Mereka adalah Kades Sudimoro, Kecamatan Tulangan, berinisial MAS, 40; Kades Medalem, Kecamatan Tulangan, berinisial S, 54; dan mantan Kades Banjarsari, Kecamatan Buduran, berinisial SY, 55.
Tak tanggung-tanggung, dari hasil OTT, polisi menyita uang tunai sekitar Rp 1,1 miliar. Hal ini diungkap Kapolresta Sidoarjo Kombespol Christian Tobing saat konferensi pers di Mapolresta Sidoarjo.
“Kami menyita uang tunai Rp 185 juta yang disimpan di plastik kresek di kursi depan (mobil yang dikendarai MAS dan S saat OTT),” tutur Kombespol Christian, dikutip dari Radar Sidoarjo, Jawa Pos Group, Rabu (25/6).
Setelah menyelidiki lebih lanjut, Satreskrim Polresta Sidoarjo berhasil menyita total uang senilai Rp 1,1 miliar dari berbagai rekening milik para tersangka. Rinciannya, uang tunai Rp 185 juta dari mobil tersangka, Rp 230 juta dari rekening bank swasta atas nama MAS, Rp 80 juta dari rekening bank pemerintah atas nama MAS, dan Rp 604,83 juta dari rekening milik SY dan perusahaannya.
Selain uang tunai, Satreskrim Polresta Sidoarjo juga mengamankan barang bukti, berupa satu unit mobil, satu unit motor, tiga kartu ATM, dua buku tabungan, tiga unit ponsel, serta enam lembar bukti transfer.
Kombespol Christian mengungkapkan para tersangka meminta uang kepada peserta seleksi perangkat desa, dengan range nilai Rp 120 juta – Rp 170 juta per orang sebagai imbalan kelulusan.
Modusnya, Mantan Kades Banjarsari, SY, berperan sebagai koordinator yang memiliki koneksi dengan pihak panitia seleksi. Dia meminta Rp 100 juta per peserta kepada para kepala desa.
SY kemudian membagi Rp 10 juta untuk masing-masing kades, dalam hal ini adalah Kades Sudimoro, MAS, dan Kades Medalem, S. SY juga mengirimkan Rp 50 juta kepada seseorang berinisial SSP.

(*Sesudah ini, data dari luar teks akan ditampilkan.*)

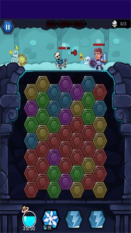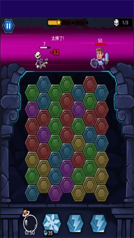 游戏里面是个联系消除并且要打怪兽的休闲游戏,在不同的震撼地牢中挑战,每一场的对决都很精彩,想办法连线更多的方块,这样你的伤害力可以提升了,不能让对面的怪物碰到你。
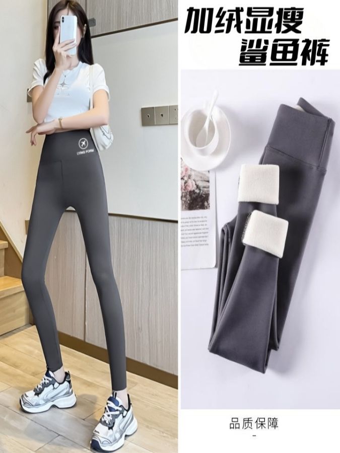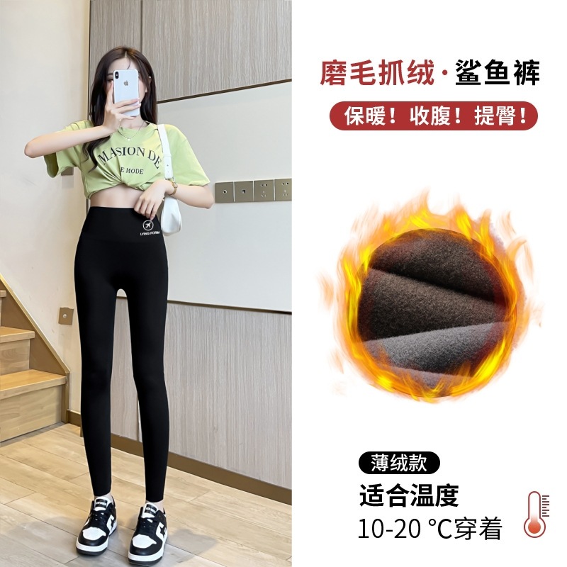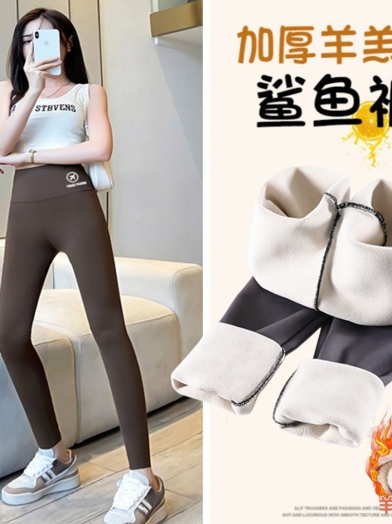 羊羔绒鲨鱼裤女高腰外穿紧身秋冬加绒加厚打底裤女收腹提臀芭比裤

“Sisanya, sekitar Rp 40 juta, dinikmati SY. Dari total transaksi, SY diduga menerima Rp 720 juta, sedangkan MAS dan S masing-masing menerima sekitar Rp 150 juta,” papar Christian Tobing.
Kombespol Christian mengungkapkan bahwa SY diduga menerima total Rp 720 juta. Lalu MAS dan S masing-masing mengantongi sekitar Rp 150 juta. Saat ini polisi masih menelusuri ke mana saja dana ratusan juta lainnya mengalir.